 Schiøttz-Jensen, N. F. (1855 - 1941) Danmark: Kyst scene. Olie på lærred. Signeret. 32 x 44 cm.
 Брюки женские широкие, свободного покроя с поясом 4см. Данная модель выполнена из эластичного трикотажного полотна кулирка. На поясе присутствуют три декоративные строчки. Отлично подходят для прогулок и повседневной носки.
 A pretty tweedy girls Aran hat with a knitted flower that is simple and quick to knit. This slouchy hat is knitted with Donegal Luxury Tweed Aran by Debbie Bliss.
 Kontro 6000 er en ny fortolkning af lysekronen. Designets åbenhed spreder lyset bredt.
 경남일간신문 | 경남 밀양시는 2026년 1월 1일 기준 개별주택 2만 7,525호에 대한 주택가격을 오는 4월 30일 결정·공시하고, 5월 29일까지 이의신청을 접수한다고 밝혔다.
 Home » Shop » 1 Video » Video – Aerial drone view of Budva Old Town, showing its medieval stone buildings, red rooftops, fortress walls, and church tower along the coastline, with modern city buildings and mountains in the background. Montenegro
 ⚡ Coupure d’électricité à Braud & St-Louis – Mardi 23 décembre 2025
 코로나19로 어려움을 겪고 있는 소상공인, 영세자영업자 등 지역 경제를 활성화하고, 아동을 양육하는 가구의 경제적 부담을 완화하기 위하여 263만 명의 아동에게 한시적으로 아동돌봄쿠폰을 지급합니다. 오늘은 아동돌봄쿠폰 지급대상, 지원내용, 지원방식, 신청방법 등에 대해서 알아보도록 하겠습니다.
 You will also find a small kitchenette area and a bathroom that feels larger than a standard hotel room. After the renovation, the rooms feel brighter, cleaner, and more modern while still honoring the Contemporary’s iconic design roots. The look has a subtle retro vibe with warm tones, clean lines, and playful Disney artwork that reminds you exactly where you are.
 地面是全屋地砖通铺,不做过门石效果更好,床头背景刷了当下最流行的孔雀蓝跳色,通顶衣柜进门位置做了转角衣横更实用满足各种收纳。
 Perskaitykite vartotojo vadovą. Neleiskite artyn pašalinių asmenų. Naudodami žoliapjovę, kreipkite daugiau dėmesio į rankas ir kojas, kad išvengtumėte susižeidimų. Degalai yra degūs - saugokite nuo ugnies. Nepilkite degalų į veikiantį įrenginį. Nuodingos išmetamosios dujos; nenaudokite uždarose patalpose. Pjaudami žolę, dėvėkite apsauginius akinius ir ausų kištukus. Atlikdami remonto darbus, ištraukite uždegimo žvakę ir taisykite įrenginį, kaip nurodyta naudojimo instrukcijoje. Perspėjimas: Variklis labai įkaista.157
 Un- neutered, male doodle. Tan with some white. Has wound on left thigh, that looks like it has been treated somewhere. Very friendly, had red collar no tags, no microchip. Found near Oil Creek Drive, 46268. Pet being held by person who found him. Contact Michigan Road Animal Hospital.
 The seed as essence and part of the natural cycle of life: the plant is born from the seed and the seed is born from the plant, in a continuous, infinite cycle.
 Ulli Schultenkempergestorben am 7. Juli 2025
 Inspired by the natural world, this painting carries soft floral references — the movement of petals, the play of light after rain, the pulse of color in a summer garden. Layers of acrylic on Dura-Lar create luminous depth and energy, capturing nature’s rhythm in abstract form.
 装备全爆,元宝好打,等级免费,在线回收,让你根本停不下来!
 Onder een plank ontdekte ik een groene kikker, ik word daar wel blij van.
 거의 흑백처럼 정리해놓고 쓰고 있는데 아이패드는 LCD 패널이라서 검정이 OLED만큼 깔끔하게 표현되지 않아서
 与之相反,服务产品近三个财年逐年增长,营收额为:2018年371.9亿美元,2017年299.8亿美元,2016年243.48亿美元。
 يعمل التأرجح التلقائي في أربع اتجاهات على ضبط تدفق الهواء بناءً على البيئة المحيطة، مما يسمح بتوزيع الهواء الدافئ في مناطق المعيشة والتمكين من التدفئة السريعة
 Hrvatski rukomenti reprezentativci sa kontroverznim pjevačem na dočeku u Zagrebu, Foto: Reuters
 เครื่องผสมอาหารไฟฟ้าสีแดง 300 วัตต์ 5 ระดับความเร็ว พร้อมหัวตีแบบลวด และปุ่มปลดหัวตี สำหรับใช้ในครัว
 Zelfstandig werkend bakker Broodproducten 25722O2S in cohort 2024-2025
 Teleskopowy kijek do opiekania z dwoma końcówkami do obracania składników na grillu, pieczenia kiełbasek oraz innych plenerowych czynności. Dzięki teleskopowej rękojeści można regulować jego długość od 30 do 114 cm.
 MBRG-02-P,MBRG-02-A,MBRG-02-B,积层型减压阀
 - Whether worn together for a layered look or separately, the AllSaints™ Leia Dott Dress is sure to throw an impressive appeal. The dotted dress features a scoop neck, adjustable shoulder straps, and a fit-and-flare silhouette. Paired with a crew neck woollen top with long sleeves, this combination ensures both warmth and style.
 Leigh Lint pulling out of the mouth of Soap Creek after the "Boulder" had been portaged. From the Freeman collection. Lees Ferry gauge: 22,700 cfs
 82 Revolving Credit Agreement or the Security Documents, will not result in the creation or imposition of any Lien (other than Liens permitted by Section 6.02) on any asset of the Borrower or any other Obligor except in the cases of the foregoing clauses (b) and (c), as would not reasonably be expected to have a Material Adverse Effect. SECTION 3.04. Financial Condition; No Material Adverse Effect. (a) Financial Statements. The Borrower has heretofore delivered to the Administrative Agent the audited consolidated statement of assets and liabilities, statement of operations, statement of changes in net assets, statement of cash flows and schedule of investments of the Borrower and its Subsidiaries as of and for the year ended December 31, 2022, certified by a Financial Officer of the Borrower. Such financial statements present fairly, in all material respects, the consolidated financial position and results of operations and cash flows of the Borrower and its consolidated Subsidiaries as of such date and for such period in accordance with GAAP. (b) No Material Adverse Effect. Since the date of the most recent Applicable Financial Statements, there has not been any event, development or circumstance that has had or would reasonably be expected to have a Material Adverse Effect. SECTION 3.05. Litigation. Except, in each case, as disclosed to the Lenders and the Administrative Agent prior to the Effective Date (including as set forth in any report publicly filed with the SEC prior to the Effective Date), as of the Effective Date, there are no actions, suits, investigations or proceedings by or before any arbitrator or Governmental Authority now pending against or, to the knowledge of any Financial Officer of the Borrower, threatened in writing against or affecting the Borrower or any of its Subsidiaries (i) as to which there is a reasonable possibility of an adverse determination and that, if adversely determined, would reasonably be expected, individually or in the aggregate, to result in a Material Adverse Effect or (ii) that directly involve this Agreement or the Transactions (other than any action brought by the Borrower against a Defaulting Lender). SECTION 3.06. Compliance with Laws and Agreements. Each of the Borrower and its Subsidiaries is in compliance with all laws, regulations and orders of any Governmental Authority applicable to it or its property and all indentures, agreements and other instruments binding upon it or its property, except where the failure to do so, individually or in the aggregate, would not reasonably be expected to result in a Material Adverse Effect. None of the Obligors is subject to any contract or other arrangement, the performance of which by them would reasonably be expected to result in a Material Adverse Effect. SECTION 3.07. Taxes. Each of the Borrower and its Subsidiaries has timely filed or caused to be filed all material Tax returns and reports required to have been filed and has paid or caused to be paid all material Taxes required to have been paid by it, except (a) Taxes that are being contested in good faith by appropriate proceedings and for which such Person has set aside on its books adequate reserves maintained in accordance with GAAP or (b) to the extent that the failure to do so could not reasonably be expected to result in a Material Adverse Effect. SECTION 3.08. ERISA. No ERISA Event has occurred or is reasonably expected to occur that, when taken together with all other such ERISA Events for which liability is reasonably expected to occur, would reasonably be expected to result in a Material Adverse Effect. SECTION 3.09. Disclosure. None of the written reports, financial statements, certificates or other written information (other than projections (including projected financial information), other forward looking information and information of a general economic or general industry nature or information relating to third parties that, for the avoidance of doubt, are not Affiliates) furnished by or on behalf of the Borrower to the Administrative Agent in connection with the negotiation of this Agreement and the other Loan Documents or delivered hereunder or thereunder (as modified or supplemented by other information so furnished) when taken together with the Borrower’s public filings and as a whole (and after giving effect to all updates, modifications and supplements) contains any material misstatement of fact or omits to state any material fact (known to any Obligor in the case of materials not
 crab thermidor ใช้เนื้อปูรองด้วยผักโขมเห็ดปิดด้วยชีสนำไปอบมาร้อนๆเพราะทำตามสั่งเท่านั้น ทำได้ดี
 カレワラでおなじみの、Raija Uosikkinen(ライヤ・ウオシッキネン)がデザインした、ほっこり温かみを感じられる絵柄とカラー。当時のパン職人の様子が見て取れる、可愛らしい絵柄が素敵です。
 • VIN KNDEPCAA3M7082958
--
Task to complete -
Of the entries above, repeat exactly the lines between the line with "Onder een plank" and the line with "Zelfstandig werkend bakker", inclusive, and no others.

Task result -
 Onder een plank ontdekte ik een groene kikker, ik word daar wel blij van.
 거의 흑백처럼 정리해놓고 쓰고 있는데 아이패드는 LCD 패널이라서 검정이 OLED만큼 깔끔하게 표현되지 않아서
 与之相反,服务产品近三个财年逐年增长,营收额为:2018年371.9亿美元,2017年299.8亿美元,2016年243.48亿美元。
 يعمل التأرجح التلقائي في أربع اتجاهات على ضبط تدفق الهواء بناءً على البيئة المحيطة، مما يسمح بتوزيع الهواء الدافئ في مناطق المعيشة والتمكين من التدفئة السريعة
 Hrvatski rukomenti reprezentativci sa kontroverznim pjevačem na dočeku u Zagrebu, Foto: Reuters
 เครื่องผสมอาหารไฟฟ้าสีแดง 300 วัตต์ 5 ระดับความเร็ว พร้อมหัวตีแบบลวด และปุ่มปลดหัวตี สำหรับใช้ในครัว
 Zelfstandig werkend bakker Broodproducten 25722O2S in cohort 2024-2025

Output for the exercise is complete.